‘The Legal Standard’ in my opinion is making sure that you structure your company in alignment with your industry and stick to the basics. For me that was setting up Zypp (my app) to be able to receive investment from a VC (Venture Capital) firm in the case we pursued that route. Silicon Valley investments in startups are usually done via convertible notes or a SAFE (see article below for more information on both).
Having the wrong legal structure can result in heavy delays while raising capital in order to get the right documentation executed or may lose you the investment completely. As a founder, it’s important to do your due diligence so you don’t look like an amatuer to investors or more importantly so you’re able to recognize the difference between a good and bad deal. After a long process, Zypp ultimately went with a convertible note while raising our friends and family round and I feel confident we’re set up for more successful raises in the future. Many thanks to our lawyer Lindsey for getting us on track and gracing the cover of our inaugural newsletter called RSVP. Lindsey is a partner at Smith Shapourian Mignano, a women and minority-owned boutique law firm in San Francisco, representing startups and small businesses.
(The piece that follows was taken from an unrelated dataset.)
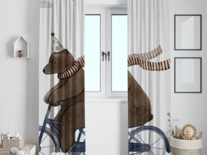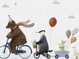 Parti Şapkalı Bisikletli Ayı ve Neşeli Dostlarının Balonlu Yolculuğu Fon Perde

Lindsey took a very engaged and roll up the sleeves approach while restructuring Zypp to match ‘The Legal Standard’ that many of today’s successful startups use.
What we had to do:
- Reincorporated the company
- Change the structure from an s-corp to a c-corp
- Issued Convertible notes instead of stock agreements
- Formed Ambassador Agreements
- Terms of Service
- Privacy Statement
- Trademark (consulted me on how to go about this myself and worked out great)
There are many more factors that go into company structure that we won’t discuss today but here’s an outline of a few I’ve learned along the way (tax implications, number of shareholders you can have, cliffs, vesting terms, number of shares to start with, common stock vs preferred stock, etc) all of which you should be aware of. As a founder, it’s your job to familiarize yourself with as much industry jargon as possible.
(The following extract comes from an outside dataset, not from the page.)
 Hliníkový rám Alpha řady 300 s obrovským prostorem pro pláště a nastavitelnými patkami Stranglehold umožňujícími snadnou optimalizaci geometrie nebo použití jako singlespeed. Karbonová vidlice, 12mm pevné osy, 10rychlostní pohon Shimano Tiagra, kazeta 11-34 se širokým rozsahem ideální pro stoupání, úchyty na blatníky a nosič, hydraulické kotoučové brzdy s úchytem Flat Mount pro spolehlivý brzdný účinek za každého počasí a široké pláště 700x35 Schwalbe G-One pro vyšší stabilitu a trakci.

How to get your legal in order
Before you say “I’ll just do it myself on Legalzoom” keep reading below for a few of my ‘DIY’ (Do It Yourself) tips. I tried that approach early on and it failed me miserably.
Things I would use legalzoom for:
- Drafting quick agreements like an LOI (letter of intent usually not binding) or a simple operating agreement with no more than a few owners
- Registering a company as a sole proprietor
- Researching legal terms
- Getting a free consultation from a legalzoom certified lawyer
Hiring a lawyer online: Why and How-to
- You don’t have a lawyer in your network and online is your only option
- DIY isn’t an option because the structure you need is too complicated
- Read all their reviews AND contact a couple previous/current clients
- Find a lawyer that is hyper focused on your industry and has a track-record to prove so
- Your budget conscious; online has more options so prices can be cheaper
- Legalucy.com is a good site that walks you through figuring out the legal help you need
Ask a friend: This is what worked for me
I was very lucky to have a lawyer friend in San Francisco who gave me the referral to Lindsey which ended up working very well. The reason it was a good fit is because her firm targets ‘startups and small businesses’ so she knew exactly what I needed and how to get it done. Side note; stay away from lawyers who say they do it all. Lindsey has no problem referring me to someone in her network if I am needing financial assistance, questions about valuation or anything else that doesn’t fall in her wheelhouse.
- Find a lawyer with a laser focus on the industry/niche that aligns with your market. If you look at how fast legislation changes you would know it’s impossible for any lawyer to know it all.
- Ask a friend that’s already in the industry you’re entering for a referral to a good lawyer in the space.
- Your lawyer should listen to your needs and propose the best options. If they ask what you want to do without providing a definitive solution then RUN. In my experience, there is always “The Legal Standard” to do paperwork and your lawyer should know what that is OR they are just going to waste your time and money.
- Remember it is ALWAYS your job as the captain of the ship to research, educate yourself and understand what you’re signing off on as owning a business comes with a lot of responsibility, especially when you take other people’s money.